# Records contained in a dataset
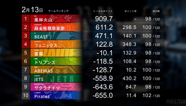 白鳥の所属する渋谷ABEMASは現在第7位。
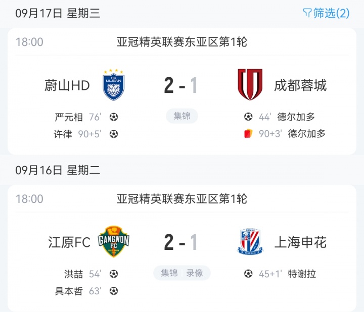 中超頭名蓉城1-2蔚山 次名海港半場0-3神戶 第三的申花1-2江原
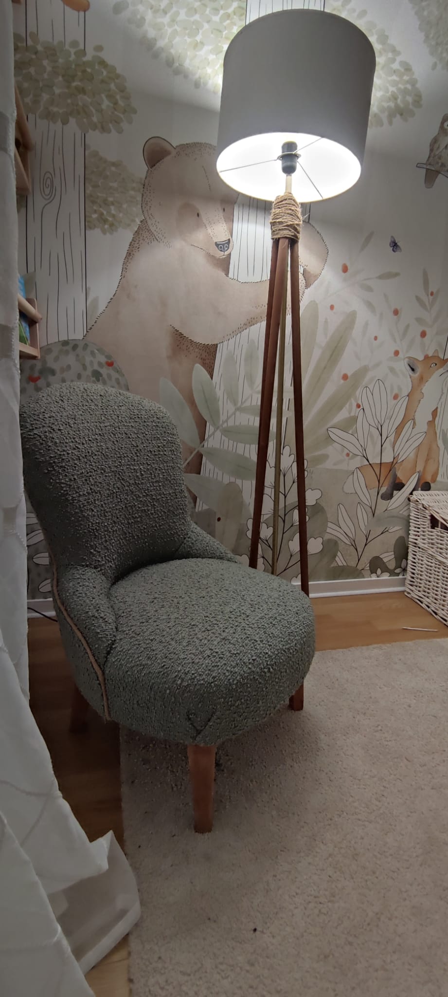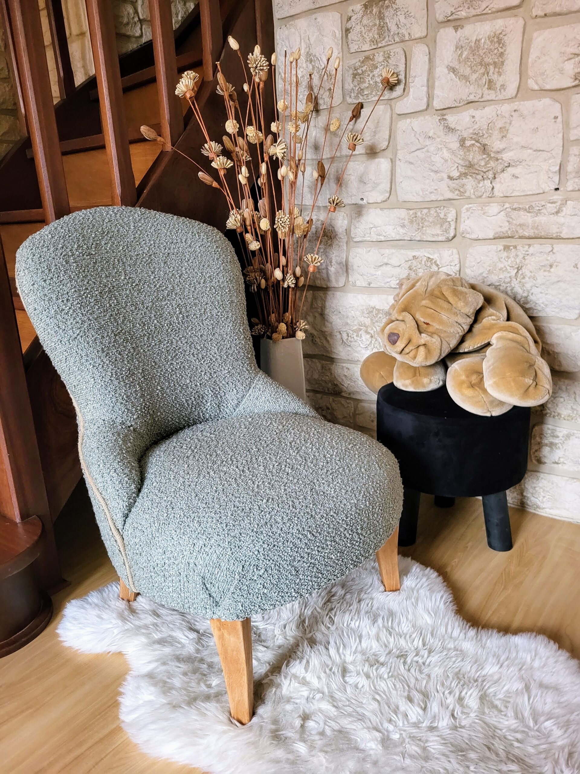 Ce fauteuil trèfle, habillé d’un tissu Casamance vert d’eau apaisant, ajoute une touche de douceur et de fraîcheur à une chambre d’enfant, alliant confort et esthétique
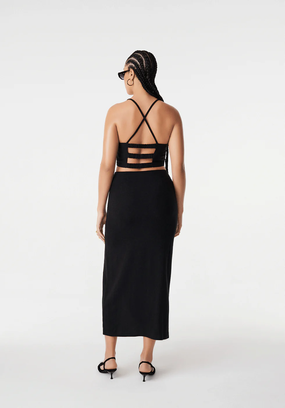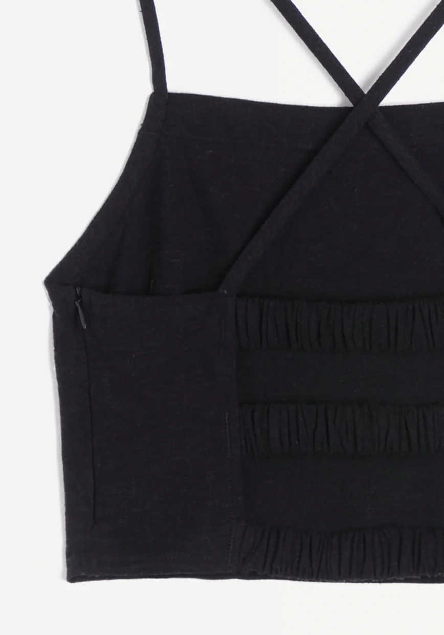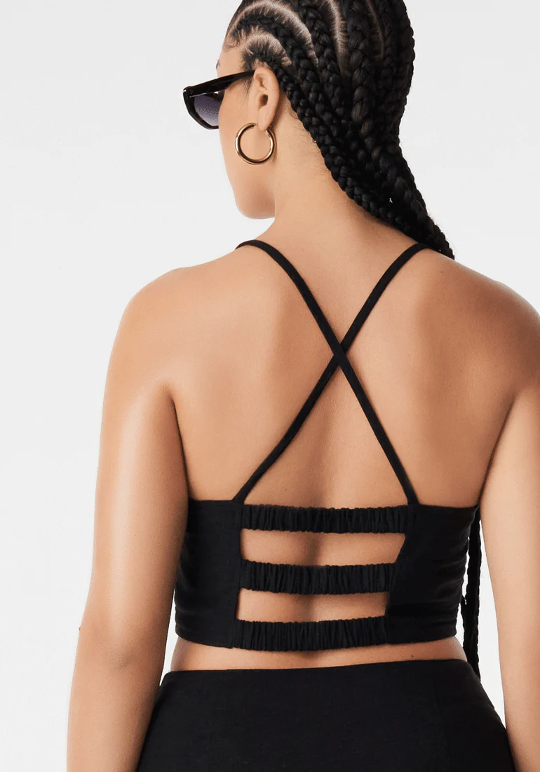 Ce top en lin mélangé présente une encolure haute et une coupe ajustée. Des bretelles croisées et trois bandes élastiques habillent le dos.
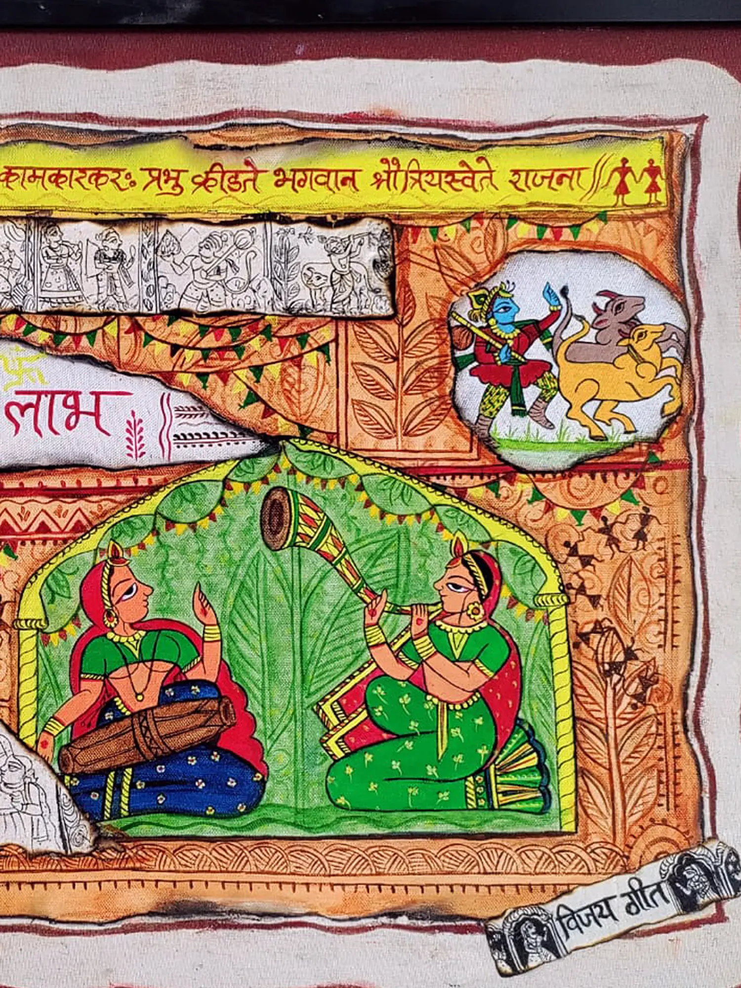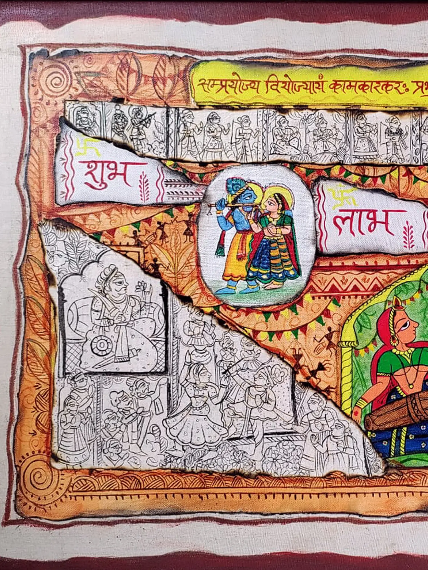 Drawing inspiration from the rich mythology of Hindu culture, this creation features depictions of Lord Krishna and Radha, a timeless symbol of divine love. The inclusion of motifs signifying prosperity and good fortune, such as "Shubh" and "Laabh," places this work firmly within a tradition of auspicious art intended to bring blessings. You'll find a profound connection to ancient narratives and cultural significance within its visual language.

# Problem details
Could you give all the records again, exactly, minus the pictures?

# Output below
 白鳥の所属する渋谷ABEMASは現在第7位。
 中超頭名蓉城1-2蔚山 次名海港半場0-3神戶 第三的申花1-2江原
 Ce fauteuil trèfle, habillé d’un tissu Casamance vert d’eau apaisant, ajoute une touche de douceur et de fraîcheur à une chambre d’enfant, alliant confort et esthétique
 Ce top en lin mélangé présente une encolure haute et une coupe ajustée. Des bretelles croisées et trois bandes élastiques habillent le dos.
 Drawing inspiration from the rich mythology of Hindu culture, this creation features depictions of Lord Krishna and Radha, a timeless symbol of divine love. The inclusion of motifs signifying prosperity and good fortune, such as "Shubh" and "Laabh," places this work firmly within a tradition of auspicious art intended to bring blessings. You'll find a profound connection to ancient narratives and cultural significance within its visual language.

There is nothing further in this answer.